The present study had certain limitations. First, for the eye stimuli of the K-RMET, referring to the process of developing emotional stimuli in the original author and other studies, web searching was performed to obtain vivid and natural Korean facial emotional stimuli, which are not artificially made in a laboratory environment. Although only photographs around the eyes of the entire face were used for the development of the test, some of the stimuli were extracted from photos of Korean celebrities. Participants who have identified of the person in the eye stimulus may interpret the intention of the facial expression more positively or negatively based on their familiarity with the person. Second, our study generalized the present findings to all adult ages, since late adolescents to early adults were recruited as participants in the present study, and middle-aged or older adults did not participate. In a group that has a hierarchical culture according to age, such as in Korea, the difference between the age of the person in the eye photo and the age of the participant can affect the participant’s perception of the expression of the eyes in the task. In future studies, empirical works reflecting the above-mentioned relative age differences can be investigated for more accurate measurement. Lastly, in the current study, only CFA for the single-factor assumed in the original paper and the 3-factor widely used in the previous studies were performed. By looking at the results of previous studies, there are studies reported on abbreviated items to maximize model fit [22,44]. However, only different combinations of items are presented for each study, and no consensus result has been reported yet. In order to obtain more robust evidence on the validity of the test, follow-up studies related to the number of factors and the total number of questions will be needed.

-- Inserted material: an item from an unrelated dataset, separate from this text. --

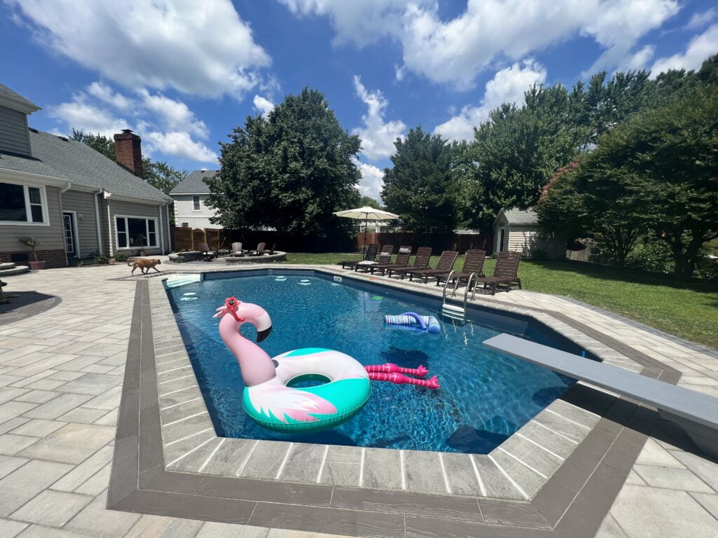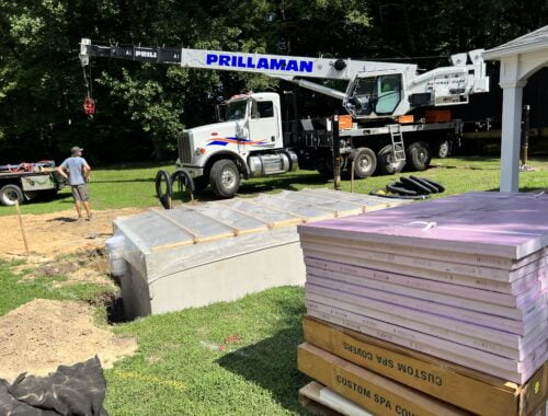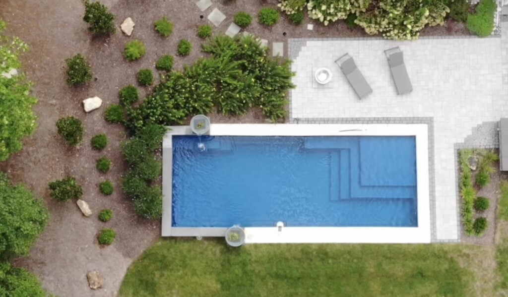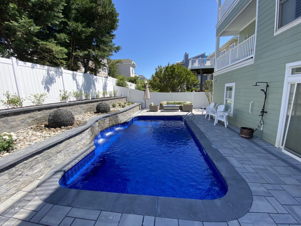 The downside of fiberglass is the sizing. They can only be 16’ wide and roughly 40’ long because they have to be shipped over the road. Also, because of how rigid the shells are you can’t squeeze them into tight spaces. They frequently have to be craned over a home to get in their final destination if there isn’t a 12-14’ access point to the backyard.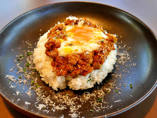 半熟卵は崩していただきました。普段はあまりキーマカレーは食べないんですが、このキーマカレーは思っていたよりもかなり美味でした。

In summary, since the RMET is easy to use and can be evaluated in a short time, it has been developed and used in various countries. We developed the RMET, as translated into Korean and the K-RMET by using Korean eye stimuli, resulting to acceptable psychometric properties, such as reliability and item analysis. Future studies should provide additional evidence for convergent and divergent validity through other ToM tests, neurocognitive ability, and personality traits known to be related to social cognition. In addition, it is necessary to expand this study to other clinical populations, such as those with autism spectrum disorder, schizophrenia, and ultra-high risk for psychosis, as well as the general population of various ages and education levels in Korea.

Supplementary Materials

The online-only Data Supplement is available with this article at https://doi.org/10.30773/pi.2020.0289.

pi-2020-0289-suppl1.pdf

pi-2020-0289-suppl2.pdf

pi-2020-0289-suppl3.pdf

Acknowledgements

This work was supported by the Basic Science Research Program through the National Research Foundation of Korea (NRF) funded by the Ministry of Science, ICT & Future Planning, Republic of Korea (grant number 2017R1A2B3008214).

Notes

The authors have no potential conflicts of interest to disclose.

Author Contributions

Conceptualization: Suk Kyoon An. Data curation: Ye Jin Kim, Eunchong Seo, Hye Yoon Park. Formal analysis: Se Jun Koo, Eunchong Seo, Hye Yoon Park. Investigation: all authors. Methodology: Se Jun Koo. Project administration: Suk Kyoon An, Eun Lee. Resources: Ye Jin Kim, Jung Hwa Han. Software: Se Jun Koo. Supervision: Suk Kyoon An. Validation: Jung Hwa Han, Ye Jin Kim, Minji Bang, Jin Young Park. Visualization: Se Jun Koo. Writing—original draft: Se Jun Koo. Writing—review & editing: all authors.

References

1. Premack D, Woodruff G. Does the chimpanzee have a theory of mind? Behav Brain Sci 1978;1:515–526.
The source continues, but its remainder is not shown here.